🤖 AI Summary
Large language models (LLMs) lack fundamental perceptual grounding in the physical world, particularly in reasoning about acoustic phenomena governed by underlying physical principles—e.g., Doppler effect, multipath propagation, and spatial geometric constraints. To address this, we propose ACORN: a physics-informed framework that introduces AQA-PHY, the first audio question-answering dataset generated via a physically grounded sound simulator. ACORN jointly models both magnitude and phase components of audio signals, incorporates a phase-sensitive audio encoder, and integrates physics-aware priors into a multimodal LLM architecture with explicit audio–text alignment. Evaluated on line-of-sight detection, Doppler shift estimation, and direction-of-arrival estimation, ACORN significantly outperforms existing baselines. Our results demonstrate that audition serves as an effective modality for endowing LLMs with foundational physical awareness. This work pioneers the new research direction of *physics-perceptive audio-language modeling*.
📝 Abstract
Large Language Models (LLMs) have shown remarkable capabilities in text and multimodal processing, yet they fundamentally lack physical awareness--understanding of real-world physical phenomena.
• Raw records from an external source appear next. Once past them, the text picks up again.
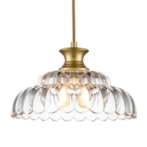 Boasting a gold finish, the gold pendant light fixture livens up your home with a boost of sparkle. The light fixture’s layered scalloped clear glass shade gives your living space a dose of whimsy and artistic charm. Its glistening finish contrasts the scalloped glass shade, adding charisma and drama to the space. The amazing texture of the glass shade is the perfect finishing touch for your home. It allows the light to gently filter through the clear glass shade and cast intricate shadows. It adds depth and character to the space, creating an alluring eye appeal. It is sloped ceiling adaptable and comes with a 47.2-inch adjustable gold hanging cord.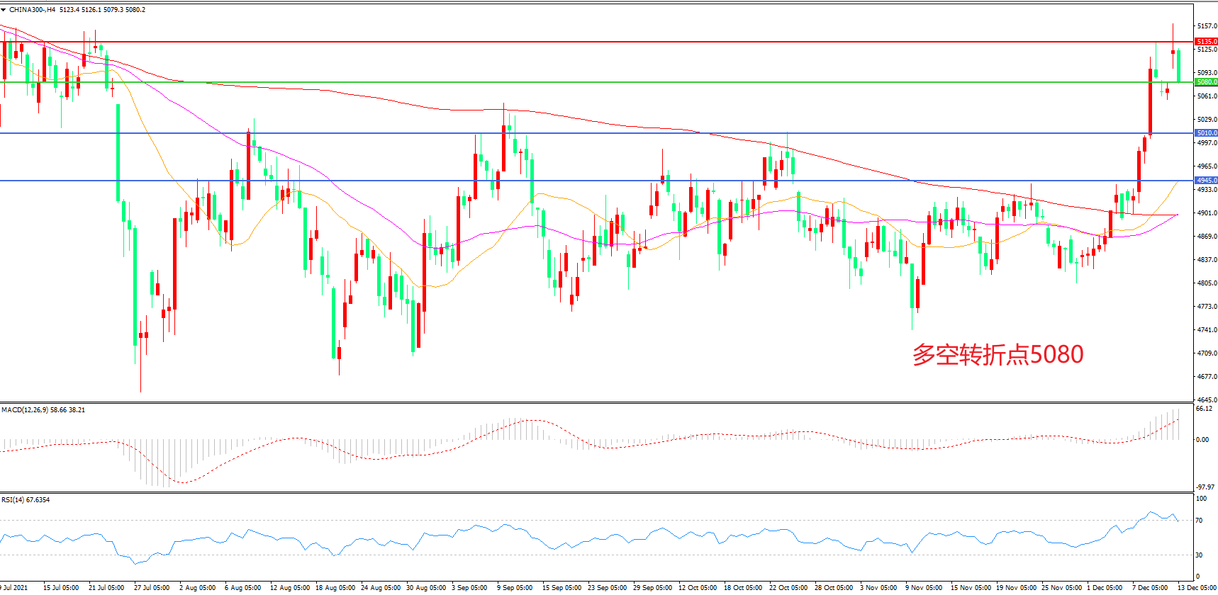 4小时图看,沪深300高开后震荡回落,短期走势出现调整,但收盘价依然前日高点,5080成为多空分水岭,MACD红柱增加,RSI指标走平,日内震荡上行概率较大。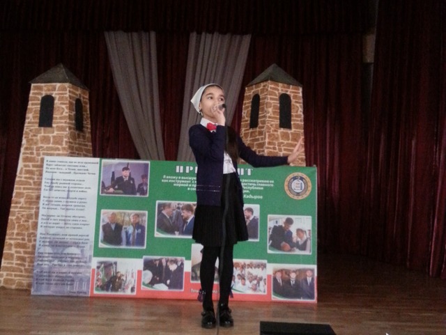 Заместитель директора по В/Р Гайтаева Х.Ю. рассказала о месте Кадыровых в жизни Чеченской Республики, России. При этом она отметила: «Любовь к Родине, ее процветание, слава ставились во все времена превыше всего. Это и есть патриотизм. Послевоенные развалины в Чечне на глазах превратились в современные жилые кварталы, повсюду были построены школы, детские сады, больницы, мечети. Вскоре даже самым безнадежным пессимистам стало понятно, что Рамзан Кадыров - это безоговорочный лидер нации, герой не только чеченского народа, а также герой России.»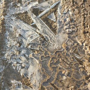前日の雨の水たまりに、うっすら氷がはっていました。

In this work, we present ACORN, a framework that teaches LLMs physical awareness through sound, focusing on fundamental physical phenomena like the Doppler effect, multipath effect, and spatial relationships. To overcome data scarcity, ACORN introduce a physics-based simulator combining real-world sound sources with controlled physical channels to generate diverse training data. Using this simulator, we build AQA-PHY, a comprehensive Audio Question-Answer dataset, and propose an audio encoder that processes both magnitude and phase information. By connecting our audio encoder to state-of-the-art LLMs, we demonstrate reasonable results in both simulated and real-world tasks, such as line-of-sight detection, Doppler effect estimation, and Direction-of-Arrival estimation, paving the way for enabling LLMs to understand physical world.